__WHAT IS EXPECTED__.
Retype the data that follows line by line, exactly, and leave its pictures out.

(Records from a dataset)
=== Begin Enclosure ===

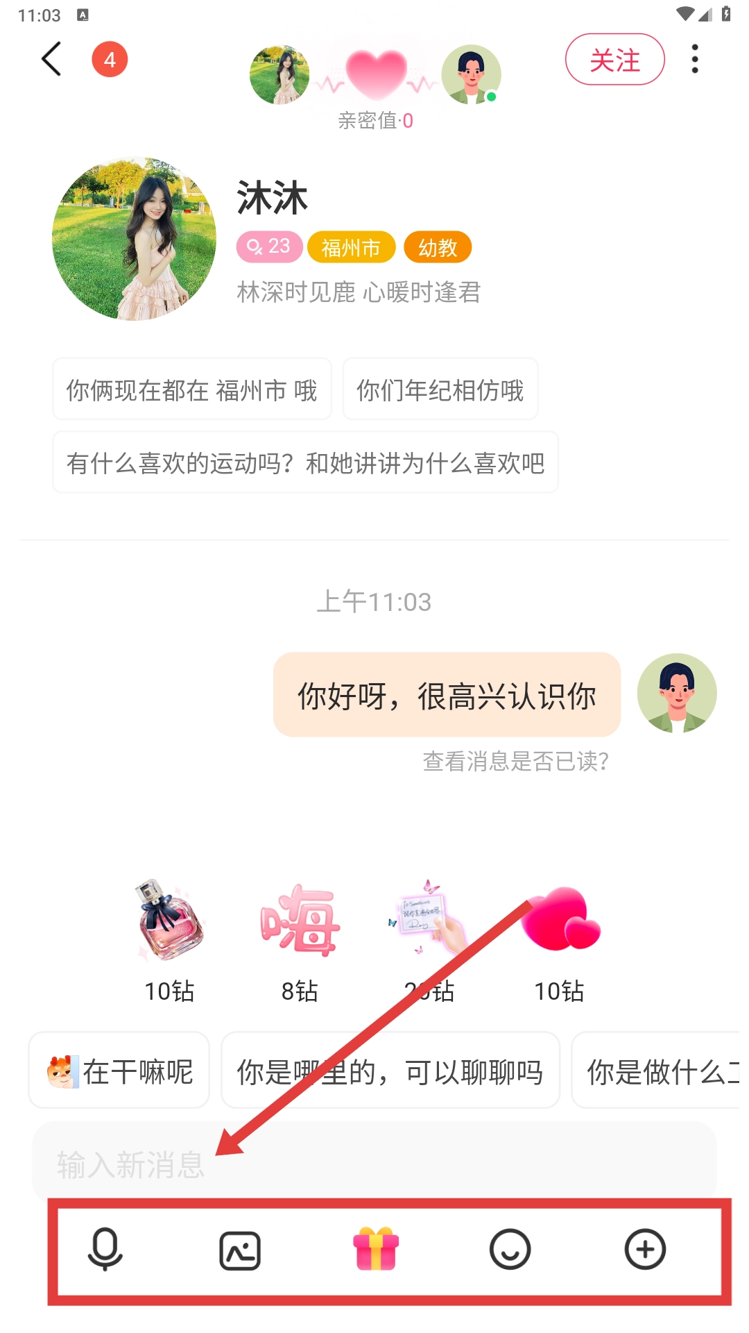 4、在聊天界面中,可借助底部功能栏里的输入框、语音、表情等功能,和对方开展沟通交流。
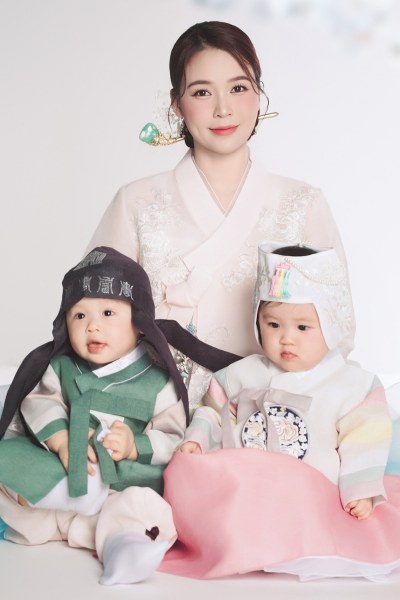 Người đẹp cho hai con mặc hanbok chụp hình.
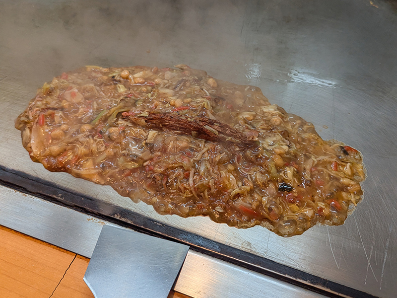 いつもはついつい他のお好み焼きに目が行ってしまうので気になりながらももんじゃは今回が初めて。
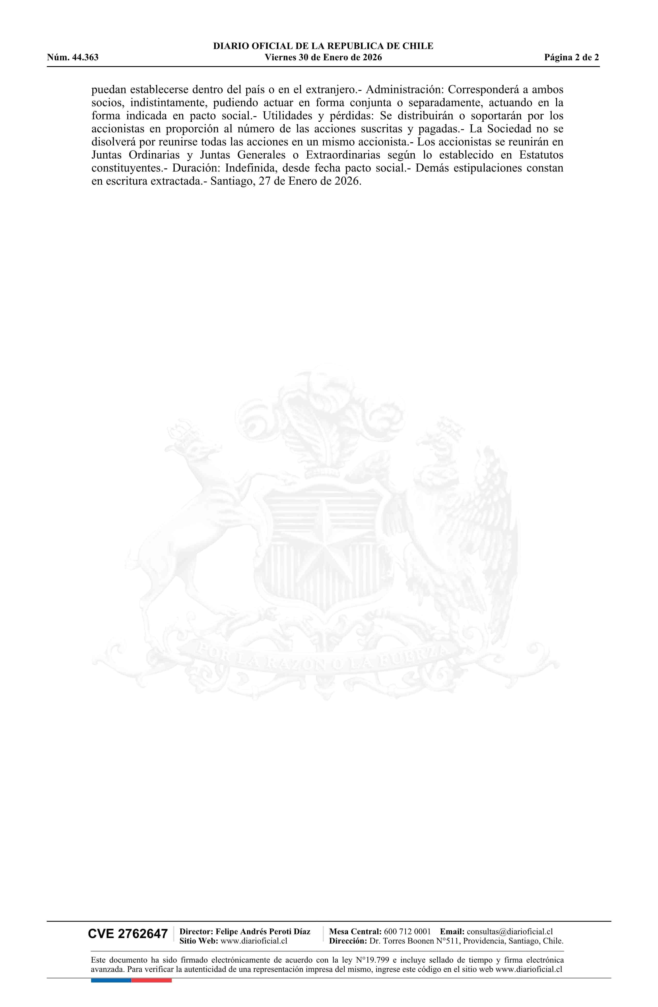 Fuente: Diario Oficial Edición Electrónica (Diario Oficial de Chile - 5 Empresas Y Cooper) Página(s): 47-48
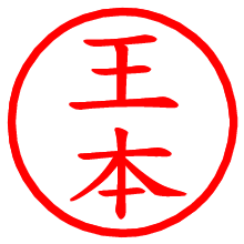[朱肉の色]を選び、入力窓に“王本”と入力して[生成]ボタンを押すと、印影が更新され、リンクから電子印鑑(デジタル印影)がダウンロードできます。 電子印鑑「王本」の作り方文字表示が変なときや、文字バランスが悪いときは[字形切替]のチェックボックスでON/OFFを切り替え[生成]しなおしてください。 生成される画像は通常の印影「王本.png」と、にじみを表現した少し太めの印影「王本B.png」の背面透過PNG形式2種と、鮮明なPDF形式の印影「王本.pdf」の計3種類です。 朱肉の微妙な色の違いを7色で表現しました。デフォルト(左端)は、JISが定めた朱肉の色のマンセル値(7.5R 5/14)をRGB値(217,66,54)に変換したものになっています。 「電子透かし」にチェックを入れて[生成]ボタンを押すと、タイムスタンプを電子透かしとして埋め込んだセキュアな電子印鑑が作れます。詳細は別ページの「タイムスタンプと電子透かし」でご覧ください。 王本さんの日付印が作れます。「日付スタンプメーカー」は、社内向けの書類に利用されることの多い日付印(データ印)が無料で作れるWebアプリケーションです。中段に日付が入り、上段と下段は、ともに8文字まで文字が入ります。 ![]() 古代文字で落款印が作れます。「落款スタンプメーカー」で作品を引き立たせる落款印が作れます。
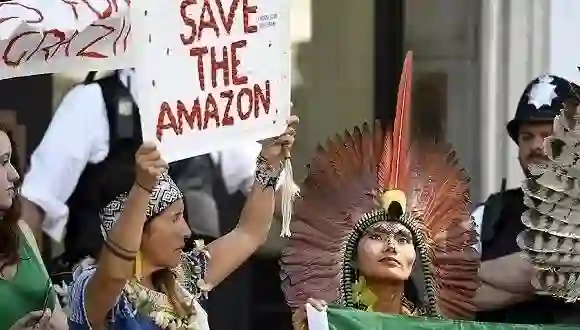 2019年8月23日,英国伦敦,民众集会呼吁巴西政府采取措施控制亚马逊雨林大火。
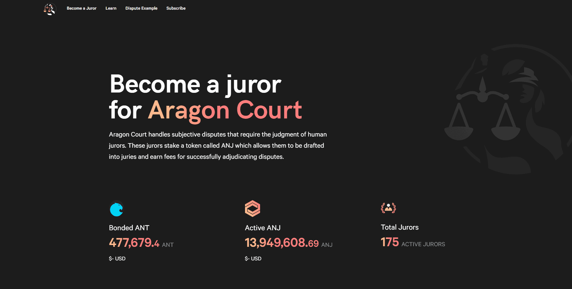 اول از همه، برای پیوستن به دادگاه آراگون، باید توکن های ANT را به توکن های ANJ (Aragon Network Justice) تبدیل کنید. در حال حاضر، برای هر توکن ANJ، باید در مجموع ۰,۰۱۴۸ ANT تبدیل کنید. همچنین میتوانید از توکنهای دیگری مانند DAI، ETH و USDC برای تبدیل به ANJ استفاده کنید. برای ورود به سیستم باید حداقل ۱۰.۰۰۰ ANJ در اختیار داشته باشید و سپس به وب سایت دادگاه آراگون بروید تا مواردی را که می توانید در سیستم شرکت کنید انتخاب کنید.
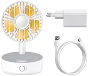 Χάρη στο μικρό του μέγεθος, ο ανεμιστήρας δεν θα πάρει πολύ χώρο στο γραφείο και θα είναι η διακόσμηση του. Το προϊόν διαθέτει ένα κουμπί, με το οποίο μπορείτε εύκολα και γρήγορα να ρυθμίσετε την ταχύτητα εμφύσησης. Γύρω από τον επιλογέα υπάρχει μια ένδειξη που ενημερώνει για τη διαδικασία φόρτισης, σηματοδοτεί ότι η συσκευή είναι ενεργοποιημένη κλπ.
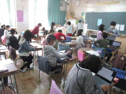 総合的な学習の時間です。社会科見学のまとめもかねて、発信の仕方を考えています。
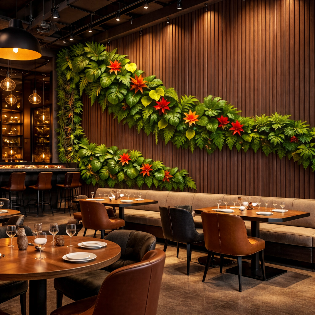 Bring refined nature indoors with this luxury artificial foliage wall mural. Designed with rich layered greenery, warm timber tones, and bold floral accents, this wallpaper creates an instant statement of elegance and calm. Perfect for hotels, luxury homes, restaurants, offices, spas, lobbies, lounges, and commercial interiors, it delivers high-end visual impact without maintenance.
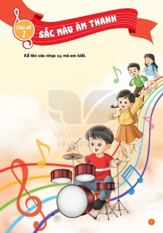 Trẻ được làm quen với các nhạc cụ như trống nhỏ, thanh phách, trống cơm, sáo, đàn tranh. Nội dung minh họa rõ ràng, giúp trẻ dễ dàng nhận diện hình dạng và âm sắc của từng loại nhạc cụ.
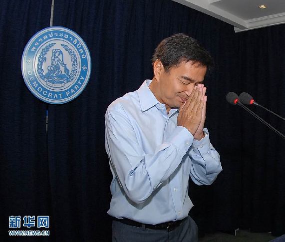 7月4日,在泰国首都曼谷,泰国执政党民主党党首阿披实在新闻发布会上双手合十。泰国执政党民主党党首阿披实4日宣布辞职,以承担选举失利责任。新华社发(拉亨摄)
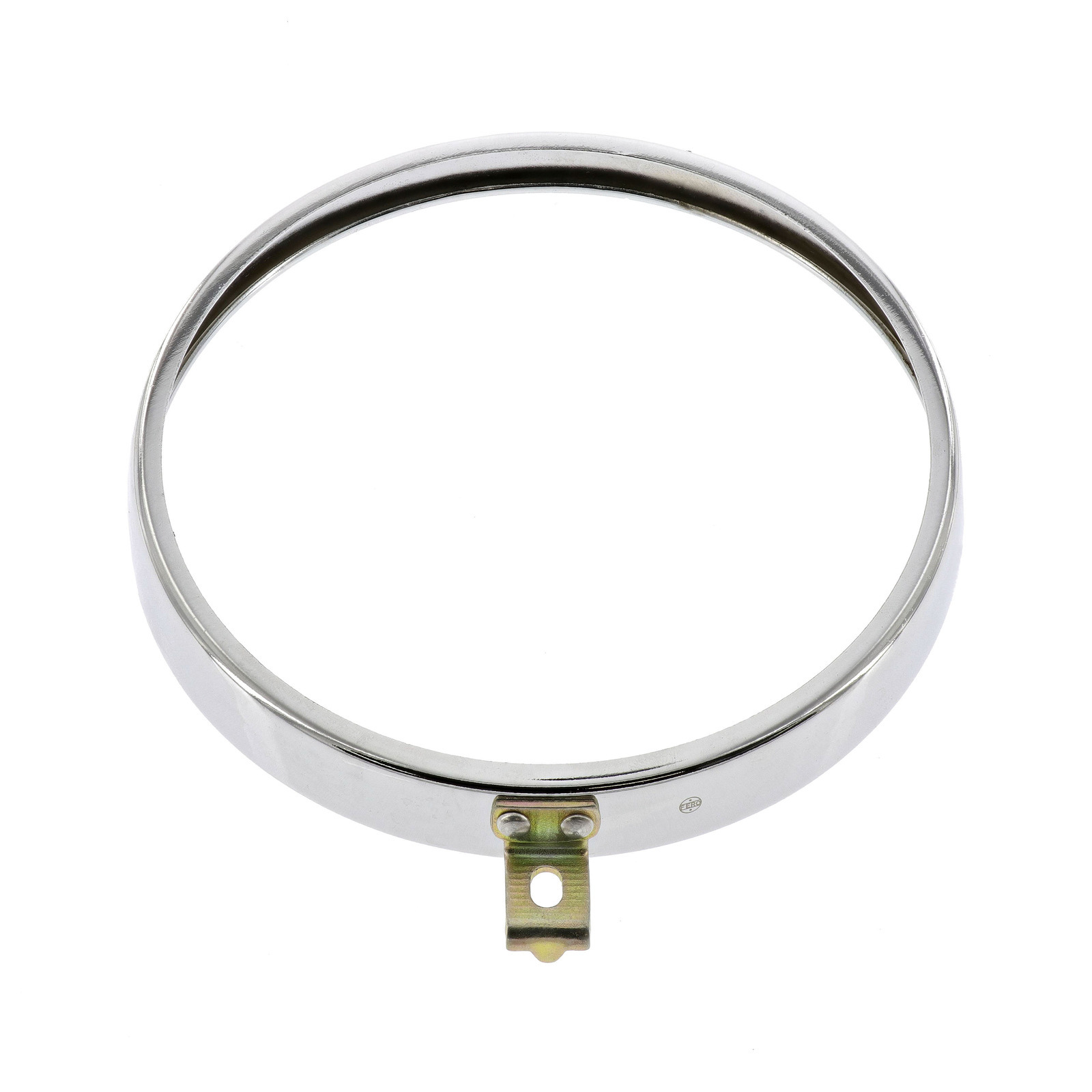 Scheinwerferring, verchromt. Wird auch als Frontring, oder Lampenring bezeichnet. Der Ring ist ca. 2,5cm hoch. Für die Kugellampe. Passend für das Simson Moped vom Typ S50.

=== End Enclosure ===

__FINAL ANSWER__.
 4、在聊天界面中,可借助底部功能栏里的输入框、语音、表情等功能,和对方开展沟通交流。
 Người đẹp cho hai con mặc hanbok chụp hình.
 いつもはついつい他のお好み焼きに目が行ってしまうので気になりながらももんじゃは今回が初めて。
 Fuente: Diario Oficial Edición Electrónica (Diario Oficial de Chile - 5 Empresas Y Cooper) Página(s): 47-48
[朱肉の色]を選び、入力窓に“王本”と入力して[生成]ボタンを押すと、印影が更新され、リンクから電子印鑑(デジタル印影)がダウンロードできます。 電子印鑑「王本」の作り方文字表示が変なときや、文字バランスが悪いときは[字形切替]のチェックボックスでON/OFFを切り替え[生成]しなおしてください。 生成される画像は通常の印影「王本.png」と、にじみを表現した少し太めの印影「王本B.png」の背面透過PNG形式2種と、鮮明なPDF形式の印影「王本.pdf」の計3種類です。 朱肉の微妙な色の違いを7色で表現しました。デフォルト(左端)は、JISが定めた朱肉の色のマンセル値(7.5R 5/14)をRGB値(217,66,54)に変換したものになっています。 「電子透かし」にチェックを入れて[生成]ボタンを押すと、タイムスタンプを電子透かしとして埋め込んだセキュアな電子印鑑が作れます。詳細は別ページの「タイムスタンプと電子透かし」でご覧ください。 王本さんの日付印が作れます。「日付スタンプメーカー」は、社内向けの書類に利用されることの多い日付印(データ印)が無料で作れるWebアプリケーションです。中段に日付が入り、上段と下段は、ともに8文字まで文字が入ります。 ![]() 古代文字で落款印が作れます。「落款スタンプメーカー」で作品を引き立たせる落款印が作れます。
 2019年8月23日,英国伦敦,民众集会呼吁巴西政府采取措施控制亚马逊雨林大火。
 اول از همه، برای پیوستن به دادگاه آراگون، باید توکن های ANT را به توکن های ANJ (Aragon Network Justice) تبدیل کنید. در حال حاضر، برای هر توکن ANJ، باید در مجموع ۰,۰۱۴۸ ANT تبدیل کنید. همچنین میتوانید از توکنهای دیگری مانند DAI، ETH و USDC برای تبدیل به ANJ استفاده کنید. برای ورود به سیستم باید حداقل ۱۰.۰۰۰ ANJ در اختیار داشته باشید و سپس به وب سایت دادگاه آراگون بروید تا مواردی را که می توانید در سیستم شرکت کنید انتخاب کنید.
 Χάρη στο μικρό του μέγεθος, ο ανεμιστήρας δεν θα πάρει πολύ χώρο στο γραφείο και θα είναι η διακόσμηση του. Το προϊόν διαθέτει ένα κουμπί, με το οποίο μπορείτε εύκολα και γρήγορα να ρυθμίσετε την ταχύτητα εμφύσησης. Γύρω από τον επιλογέα υπάρχει μια ένδειξη που ενημερώνει για τη διαδικασία φόρτισης, σηματοδοτεί ότι η συσκευή είναι ενεργοποιημένη κλπ.
 総合的な学習の時間です。社会科見学のまとめもかねて、発信の仕方を考えています。
 Bring refined nature indoors with this luxury artificial foliage wall mural. Designed with rich layered greenery, warm timber tones, and bold floral accents, this wallpaper creates an instant statement of elegance and calm. Perfect for hotels, luxury homes, restaurants, offices, spas, lobbies, lounges, and commercial interiors, it delivers high-end visual impact without maintenance.
 Trẻ được làm quen với các nhạc cụ như trống nhỏ, thanh phách, trống cơm, sáo, đàn tranh. Nội dung minh họa rõ ràng, giúp trẻ dễ dàng nhận diện hình dạng và âm sắc của từng loại nhạc cụ.
 7月4日,在泰国首都曼谷,泰国执政党民主党党首阿披实在新闻发布会上双手合十。泰国执政党民主党党首阿披实4日宣布辞职,以承担选举失利责任。新华社发(拉亨摄)
 Scheinwerferring, verchromt. Wird auch als Frontring, oder Lampenring bezeichnet. Der Ring ist ca. 2,5cm hoch. Für die Kugellampe. Passend für das Simson Moped vom Typ S50.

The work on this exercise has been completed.